Parece paradoxal a popularidade que gozam todos os que se preparam para governar ou governam países a que se impõem medidas verdadeiramente draconianas de austeridade e, que de modo notório, advêm da necessidade de pagar dívidas que em boa medida resultaram da ilusão do juro baixo (promovida deliberadamente) e da "necessidade" de resgatar o sector financeiro que nos conduziu a uma situação insustentável. A Esquerda que se prepararia para capitalizar o descontentamento gerado pela imposição aos pagadores de impostos e "classes trabalhadoras" (os 99%) contra a mais brutal desigualdade na distribuição da riqueza e por cúmulo do esforço de recuperação, parece surpresa pela "incongruência" desta aceitação (mesmo admitindo uma manipulação dos números pelas agências de inquéritos e pela imprensa que amplifica os resultados, na verdade convêm reflectir sobre a tendência...).
Mas, repare-se. A raça humana chegou aqui, ao dia de hoje, com esperança de vida até ao Alzheimer e ao cancro final, no seio desta formidável civilização tecnológica (formidável no sentido de espantosa não necessariamente de boa) mercê de um mecanismo que nos ajuda a compreender certa dose de conformismo, resignação e parodoxo. É que contra toda a probabilidade objectiva de insucesso os seres humanos persistem arreigados a uma coisa chamada esperança que por vezes raia o delírio. Mas sem esse irrealismo já teríamos perecido. Desistido. Mesmo no seio da mais brutal exploração, da maior iniquidade as pessoas agarram-se a uma "delusion" como tábua de salvação. Não podem aliás dar-se ao luxo de perder a ...fé num dia melhor algures lá para a frente. Sem essa esperança, "objectivamente" irrealista, o ser humano enfrentaria a futilidade da sua existência. Essa hipótese não é razoável.
No quadro desta violenta austeridade que viola as expectativas construídas ao longo das últimas décadas e mesmo século, as pessoas readaptam as suas expectativas. Mantêm a esperança de sair da crise. É aliás oferecido um horizonte próximo. Pode ser uma desonestidade intelectual mas é a percepção que conta não a "realidade" "objectiva".
Não deixa de ser paradoxal também que a Esquerda necessite da desesperança para crescer. Mas propõe a esquerda em geral (não o PS que é um fiel prócere do consenso de Washington e do capitalismo de casino que dele emergiu com particular vigor) propõe alguma esperança nova? Que compreenda os horizontes prosaicos em que as pessoas raciocinam em teros do que realmente querem e aspiram? Não me parece. Propõem uma "sociedade mais justa". Isto é uma mera abstracção com o problema de terem existido e existirem "sociedades mais justas". Será que são atractivas? E se não são já reflectiram porque não o são?

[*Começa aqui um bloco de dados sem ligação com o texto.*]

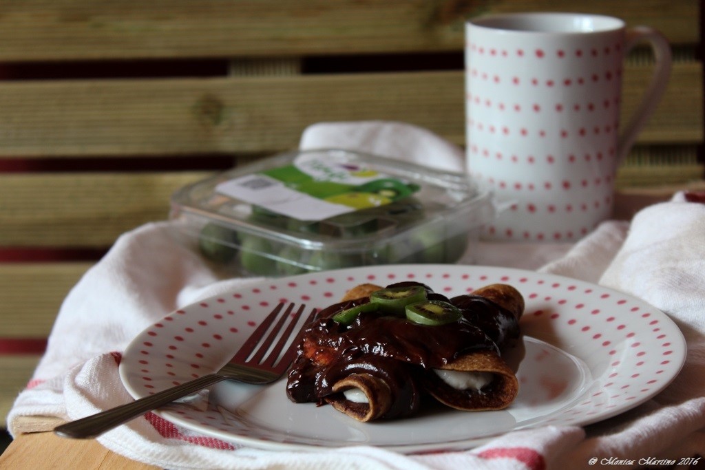 Per prima cosa si prepara la coulis di NERGI®. Lavare e tagliare a metà i NERGI® e farli appassire in un pentolino antiaderente a fuoco dolce, in modo da far tirare fuori ai frutti la propria acqua, per circa 5 min. Aggiungere lo zucchero a velo e il succo di limone e mescolare bene con una frusta. Filtrare il composto con un colino a maglie fitte per eliminare i semini e ottenere il succo. Versare lo yogurt greco in una ciotola capiente e renderlo cremoso sbattendo con una frusta a mano per pochi minuti. Unire il succo di NERGI® e amalgamare bene il tutto, ponendo poi lo yogurt (coperto con un coperchio) in frigorifero. In una bottiglia di plastica pulita (da almeno 750 ml), versare il latte, le farine (precedentemente mescolate insieme), lo zucchero, il cacao, l’uovo e l’olio, quindi chiudere la bottiglia e shackerare bene per ottenere un composto omogeneo e senza grumi. Cuocere le crepes in un padellino antiaderente leggermente oliato, versando poco per volta il composto. Farcire ogni crepe con un cucchiaio di yogurt al NERGI®, richiuderla a metà e posare su un piatto da portata. Sciogliere a bagnomaria il cioccolato exrafondente con il latte e poi spargerlo sulle crepes farcite. Decorare con rondelle di NERGI®.

Mais. A esperança é uma realidade individual. Não há esperança de "classe". As pessoas não são naturalmente solidárias em abstracto. São altruístas com situações próximas. Não em "atitude". A atitude não é um preditor do comportamento. Em face do problema, do drama de outro ser humano, as pessoas podem revelar o seu melhor. Em face de um desígnio teleológico de "justiça social" as pessoas não tem noção instrumental da utilidade dessa praxis. As pessoas tem esperança que os filhos atinjam melhores condições materiais de vida que elas próprias. Não sei se estarão preocupadas com os filhos dos outros no Quizirguistão.